Ich habe garkein p4 oder p8 stecker. Ich habe nur die Pci-e und die Pci-f Stecker. Andere 4 oder 8 Poliger Stecker habe ich bei meinem Be-Quiet l7-530 nicht.


----------



## Dr Bakterius (26. Januar 2013)

Doch den Stecker hast du:


> 1x 4/8-pin ATX12V


Die Abstandshalter müssen drunter, wahrscheinlich hast du deswegen jetzt möglicherweise wieder einen Kurzschluß produziert. Dann wundert es auch nicht das deine Boards schneller umkippen wie die Fliegen.


----------



## GERLike (26. Januar 2013)

wieso gibt es einen kurzschluß wenn ich êine schraube nicht habe?

Ich habe ein 24 Poligen ATX Stecker, der in 20 und 4 geteilt ist, das Mainboard kann auch mit einem 20 Poligen arbeiten. Soll ich dan den 4 Poligen für die CPU-Stromversorgung nehmen?


----------



## Dr Bakterius (26. Januar 2013)

GERLike schrieb:


> ich hatte den pc vor nem jahr gebraucht gekauft, *und warn nicht mehr dabei*.

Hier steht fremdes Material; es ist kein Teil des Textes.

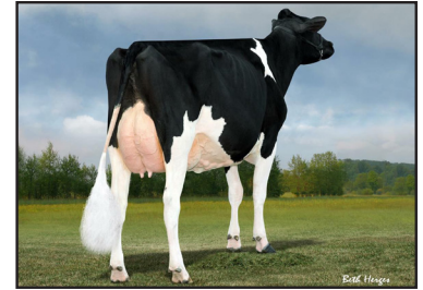
Lylehaven Atwood Lylly-ET "3E-95" (Dam of Lots 42 & 43)

S: Lirr Drew Dempsey 61083609 D: Lylehaven Atwood Lylly-ET "EX-95 3E" 68655585 5-11 2x 365d 41,280 4.4 1831 3.2 1334 8-00 2x 365d 37,190 4.5 1683 3.3 1221 Life: 2794d 224,400 4.7 10467 3.4 7740" •1st 5 Yr Old & HM Sr. Ch. NY Spring Show 2015 •4th Aged Cow Northeast Fall National 2016 •2nd 150,000 lb. Cow Northeast Fall Nat'l 2018 S: Mr Chassity Gold Chip-ET 2D: "EX-94 5E" 6* 5-00 2x 358d 30,190 4.6 1387 3.2 978 3D: "VG-86-6Y-CAN 1**"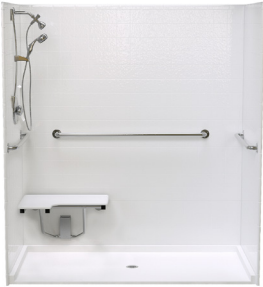
Shown above is our Model AB-6232BF wheel chair accessible system with a center drain location.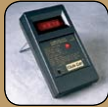
Communication Display Module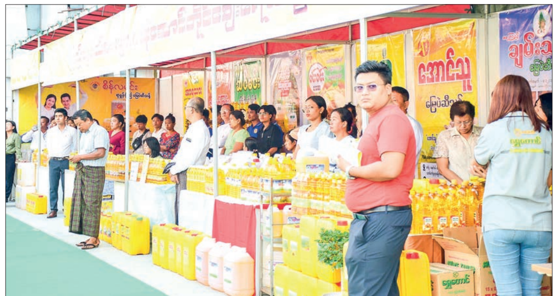
The Tazaungdine market fair for edible oil sale is being held at the UMFCCI in Yangon.

The association held the first market fair of oil millers at UMFCCI on 3 and 4 August this year as part of marking the 5 th Anniversary of MEOMA. The second fair took place at the same venue on 12 and 13 October. The third fair was held at the promotion area of Yadanabon Super Centre in Mandalay on 2 and 3 November. — ASH/TMT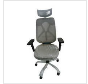
Shipan High Back Chair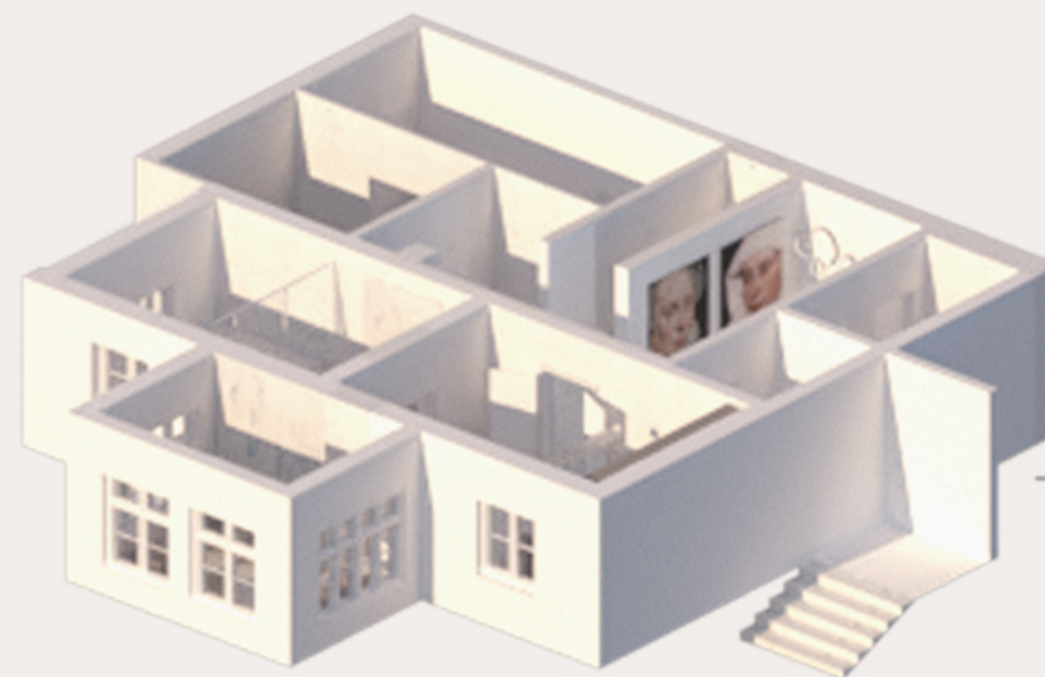
ground floor doctor's offices, reception, waiting room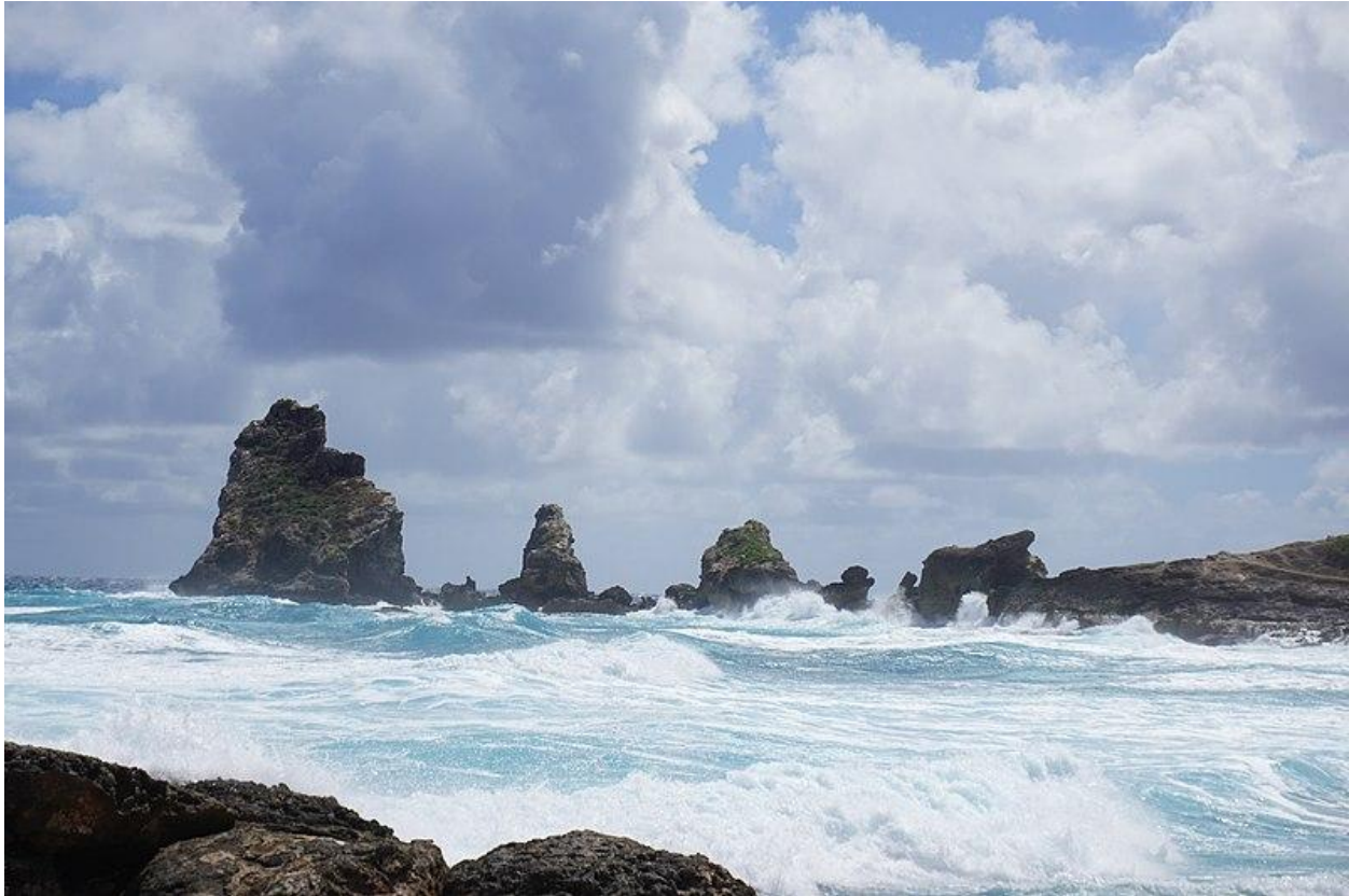
Pointe des Châteaux. TroisRivières

Day 5, Fri., Dec. 30: We plan to hike the picturesque coast trail, Pointe des Châteaux trail (~6.8 mi, ~425 ft elevation gain, 4-5 hours). The afternoon and evening will be free for participants to enjoy the beach or explore the area, and visit a local restaurant for dinner. (Breakfast included.)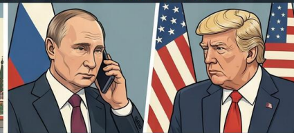
TRUMP-MEDIATED CEASEFIRE: A FRAGILE TRUCE (MAY 9-11)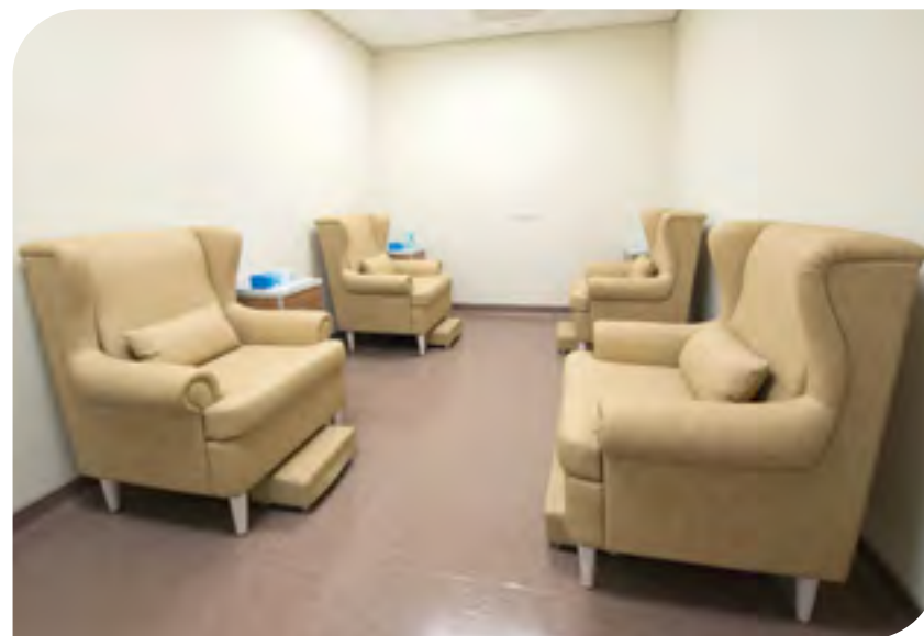
Breastfeeding Room 母乳育嬰室 (Mother can choose to feed the baby at the Breastfeeding Room 母親可選擇到母乳育嬰室餵哺)

所有嬰兒一般都是按需要餵哺，新生嬰兒會有不同的餵哺模式，但在24小時內至少應該有八次餵哺。最初，新生嬰兒只需要少量的初乳，隨著媽媽上奶而增加吃奶量。如果您可以聽到嬰兒有節奏地吞嚥吸吮及停頓而且嬰兒體重有增加和有足夠的大小便，那麼餵哺便是成功的。歡迎向哺乳顧問、助產士或育嬰室護士詢問有關寶寶吸吮、餵哺姿勢、餵哺模式和母乳餵哺支持網絡等資料。

Ich meinte damit die Abstandshalter vom Board allgemein, du hattest ja gesagt das keine da wären ( siehe oben ).
20+4 gehören zusammen und sollten tunlichst dort belassen bleiben. Dein NT muss aber einen einen Stecker haben wo P4 drauf steht ( 2 x Schwarz und Gelb )


----------



## MaB-(GER)- (26. Januar 2013)

Für den 4/8Pin Stromanschluss nahe der CPU gibt es beim Netzteil einen extra Stecker, der entweder 1x8Pin und/oder 1x4 Pin besitzt, müsste auch etwas mit CPU draufstehen auf dem Kabel....


----------



## GERLike (26. Januar 2013)

habe ich nicht -.-

edit: habe ihn doch, war in ner ecke versteckt.


----------



## MaB-(GER)- (26. Januar 2013)

Geht der Rechner denn jetzt auch an ?


----------



## Dr Bakterius (26. Januar 2013)

Doch so ein Stecker CPU / P4 existiert, hier mal von meinem Pure Power L6 :



			Dieser Inhalt steht nur eingeloggten Mitgliedern zur Verfügung.


----------



## GERLike (26. Januar 2013)

jetzt mal durchartmen 

Habe alles angeschloßen und die Anleitung nochmal durchgelesen ein paar forntpanel umgetauscht und er ging an. Aber wieder dieser Bluecreen, der mich verfolgt. Ich will jetzt natürlich das Windows neu insterlieren, aber tada nichts da, dass neue board hat kein IDE für mein brenner. Also werde ich jetzt ein neuen Brenner für 15-20 Euro kaufen.
Soll ich den bei Media Markt kaufen oder etwas wartenund bei amazon kaufen?


----------